A race against time is therefore underway to control the epidemic before the disease becomes even better adapted to human-to-human transmission. Population fatigue about non-pharmaceutical methods to prevent COVID-19 transmission is another problem that should not be overlooked. It is obvious from the messages on social networks and daily observations, even though the majority of the population surveyed by Santé Publique France still declares to respect the barrier and physical distancing measures [16]. This lassitude may also explain the disaffection of "massive" screening campaigns which, in France, have only finally drained a very small minority of the targeted people [17]. It is also accompanied by a generalised scepticism about the communication of health authorities, which risks compromising the vaccination campaigns.

In view of all these elements, it is reasonable to assume that the situation will remain complicated throughout the winter and that major efforts will be required to avoid finding ourselves in an uncontrollable situation. Nevertheless, two elements raise the hope that in the medium-term, the most difficult phase of the crisis should give way to a slow return to normal. The first element is the continuously increasing immunity level in the population, resulting from natural immunisation and vaccination campaigns. Indeed, the first vaccine efficacy studies bring excellent news, even though the results announced so far – about 95% efficacy for two RNA vaccines [18], [19] and 70% efficacy for a more "classical" vaccine [20] – mostly concern the vaccine's short-term protection against non-severe symptomatic forms and not its efficacy on most-at-risk populations or its ability to prevent virus transmission. The second factor that could accelerate the epidemic decline next spring is the return of good weather and the increase in outside temperature leading to less virus transmission. It should be noted, however, that the seasonal effect did not prevent outbreaks in Florida last summer or in South Africa in December. An improvement during next spring is therefore not guaranteed if the population turns away from the vaccine and begins to reject the barrier measures massively.
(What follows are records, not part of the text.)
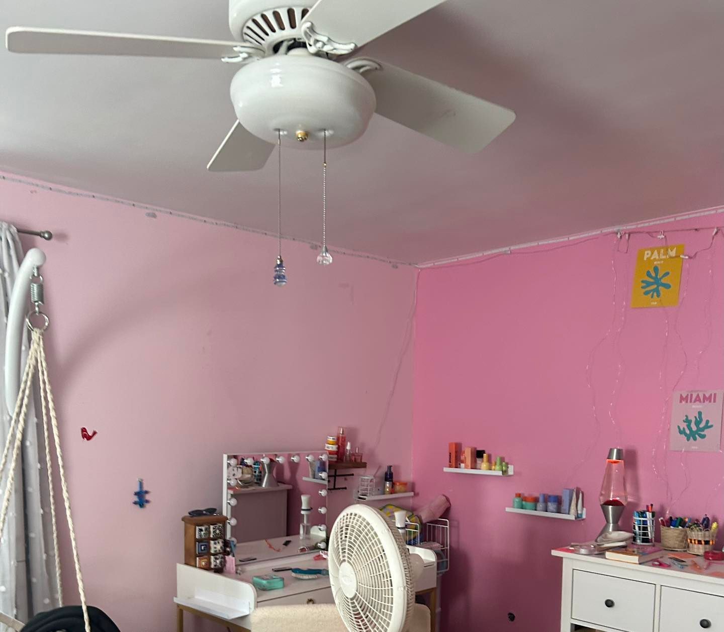 (The drywall was already primed by the drywall installer). We started by putting two coats of Benjamin Moore ceiling paint up.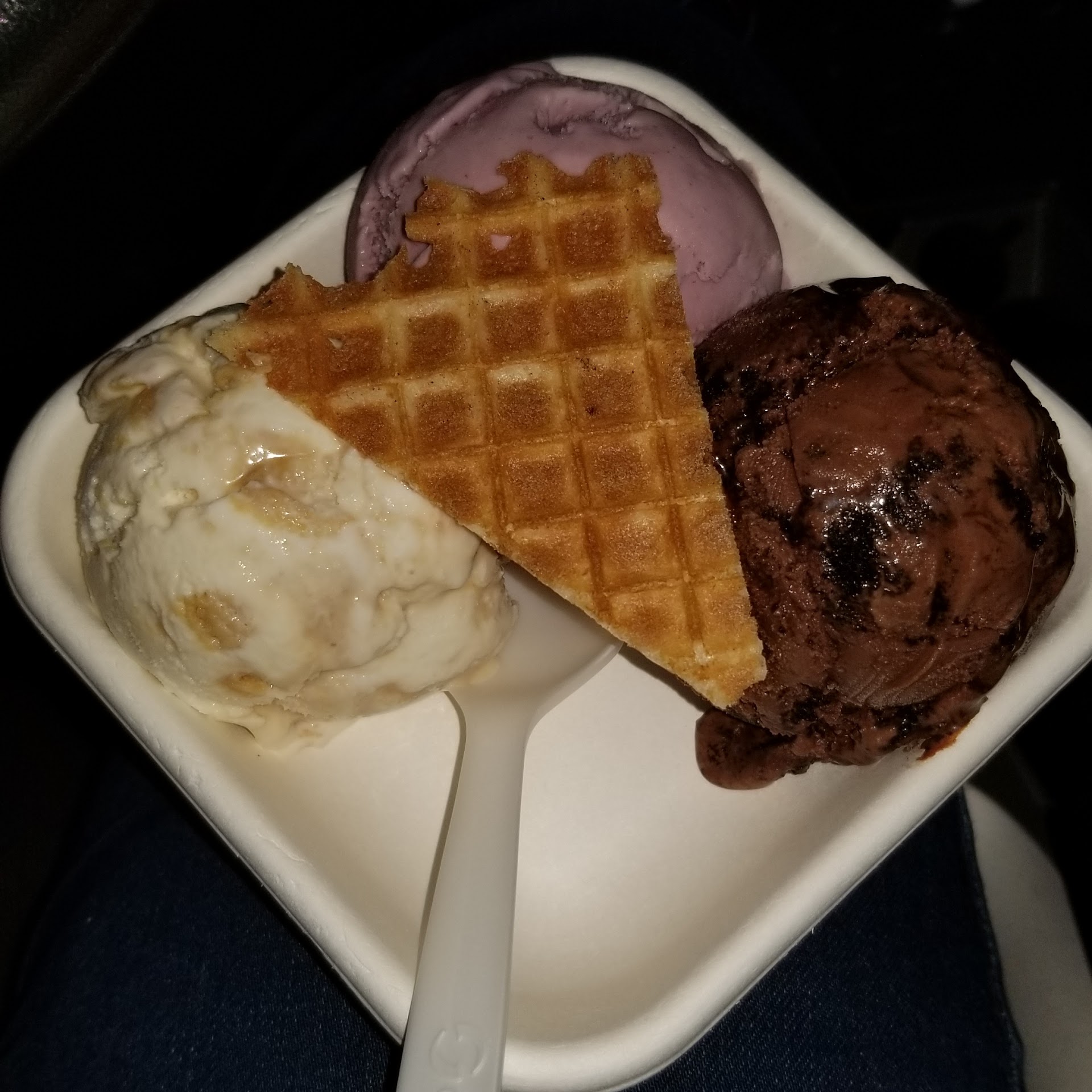 Since I ordered a trio, there were three half scoops together. For some unfathomable reason, they put the lavender in the middle, which of course tasted disgusting when mixed with the chocolate. It's just common sense that the most neutral flavor (in this case, the butter cake) belongs in the middle.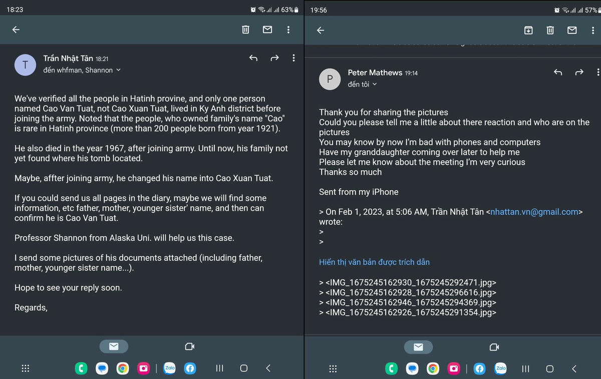 Trong một diễn biến khác, nhận được thông tin, chiều 1/2 đoàn công tác Hà Tĩnh tìm đến gia đình liệt sĩ Cao Văn Tuất để nhận định là thân nhân của người lính Việt mình đang tìm kiếm, ông Peter Mathews đã thức xuyên đêm, liên tục gửi email, chờ đợi thông tin phản hồi.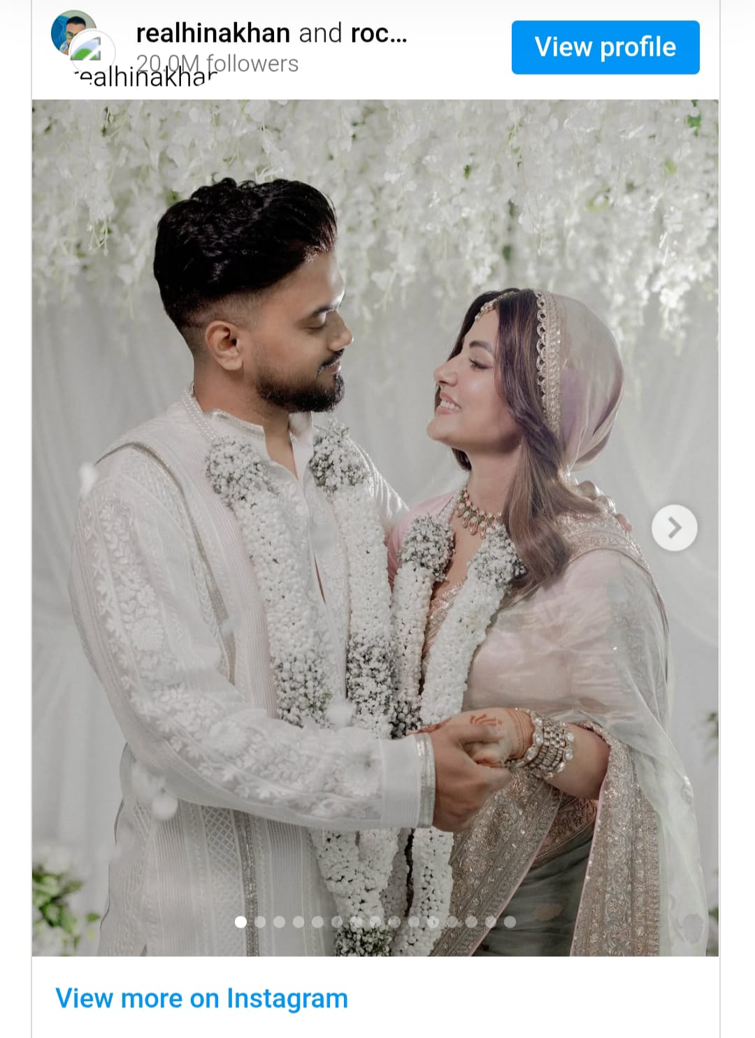 TV actress Hina Khan has married her long-time boyfriend rocky Jaiswal. The actress secretly got married in an intimate ceremony, pictures of which have surfaced. The actress, who is battling breast cancer, has had a court marriage with rocky Jaiswal. Hina Khan has shared her wedding photos on her Instagram.

The ordeal we are going through is particularly destabilising for individual citizens as well as whole societies. It highlights our vulnerability and weaknesses facing an "enemy" we were poorly prepared to fight. This situation is all the more destabilising as the epidemic has split the world into countries that have brought the epidemic under control, mainly in Asia and Oceania, and those that are sinking into an increasingly deep health, economic and social crisis, mostly in Europe and the Americas. Such a dichotomy may lead us to question our lifestyles and values. At least, it should motivate us to rethink our healthcare systems, their place in our society, and the logic – financial or health-related – underlying their management and structure, as well as the importance that should be given to preventive aspects in modern medicine. Healthcare covers a much broader field of activity than curative medicine, and health management shall not be guided by market logic only.